**WORK INSTRUCTIONS:** Print the listing below only from the line that has "La evaluación de" through the line that has "and Black Lettering", exactly, and drop any picture.

**DATA EXTRACT:**
=======

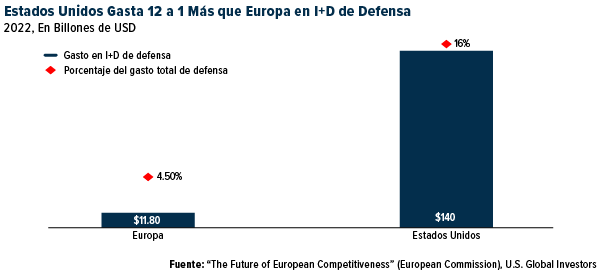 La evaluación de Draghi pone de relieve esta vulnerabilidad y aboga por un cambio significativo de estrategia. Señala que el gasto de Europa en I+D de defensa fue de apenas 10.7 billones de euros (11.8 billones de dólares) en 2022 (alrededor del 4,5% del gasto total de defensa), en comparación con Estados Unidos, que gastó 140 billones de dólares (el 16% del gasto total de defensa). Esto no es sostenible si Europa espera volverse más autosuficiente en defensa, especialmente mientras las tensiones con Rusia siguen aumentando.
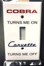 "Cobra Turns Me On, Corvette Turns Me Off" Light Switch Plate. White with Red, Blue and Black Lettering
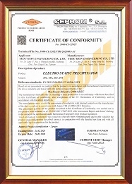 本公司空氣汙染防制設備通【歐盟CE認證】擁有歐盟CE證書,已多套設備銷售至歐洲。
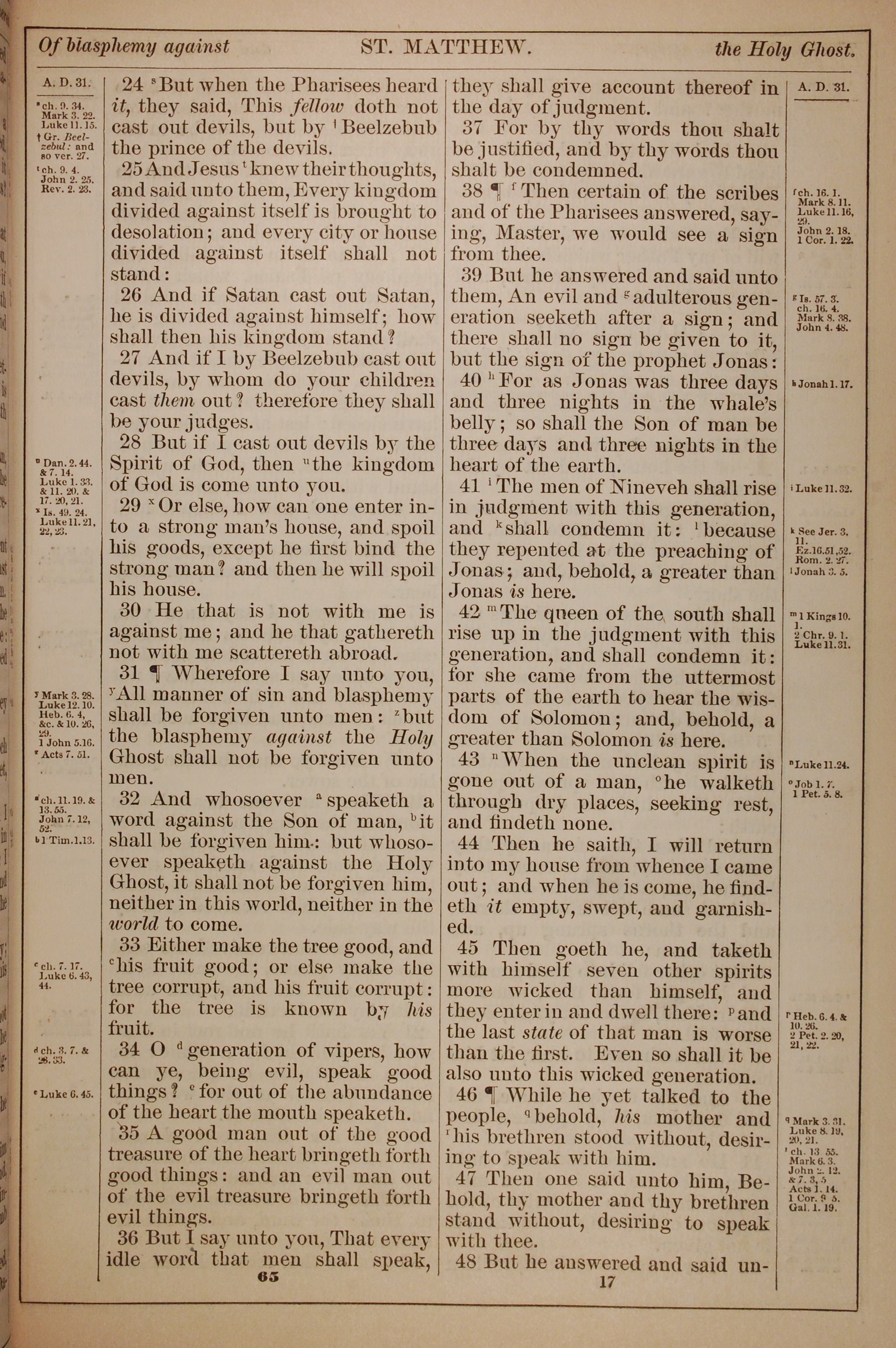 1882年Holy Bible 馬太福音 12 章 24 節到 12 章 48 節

=======

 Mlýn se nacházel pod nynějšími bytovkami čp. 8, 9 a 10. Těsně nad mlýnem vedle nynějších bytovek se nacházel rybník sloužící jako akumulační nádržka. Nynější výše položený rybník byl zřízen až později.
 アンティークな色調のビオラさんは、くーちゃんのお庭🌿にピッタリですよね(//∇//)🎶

=======

**WORKED SOLUTION:**
 La evaluación de Draghi pone de relieve esta vulnerabilidad y aboga por un cambio significativo de estrategia. Señala que el gasto de Europa en I+D de defensa fue de apenas 10.7 billones de euros (11.8 billones de dólares) en 2022 (alrededor del 4,5% del gasto total de defensa), en comparación con Estados Unidos, que gastó 140 billones de dólares (el 16% del gasto total de defensa). Esto no es sostenible si Europa espera volverse más autosuficiente en defensa, especialmente mientras las tensiones con Rusia siguen aumentando.
 "Cobra Turns Me On, Corvette Turns Me Off" Light Switch Plate. White with Red, Blue and Black Lettering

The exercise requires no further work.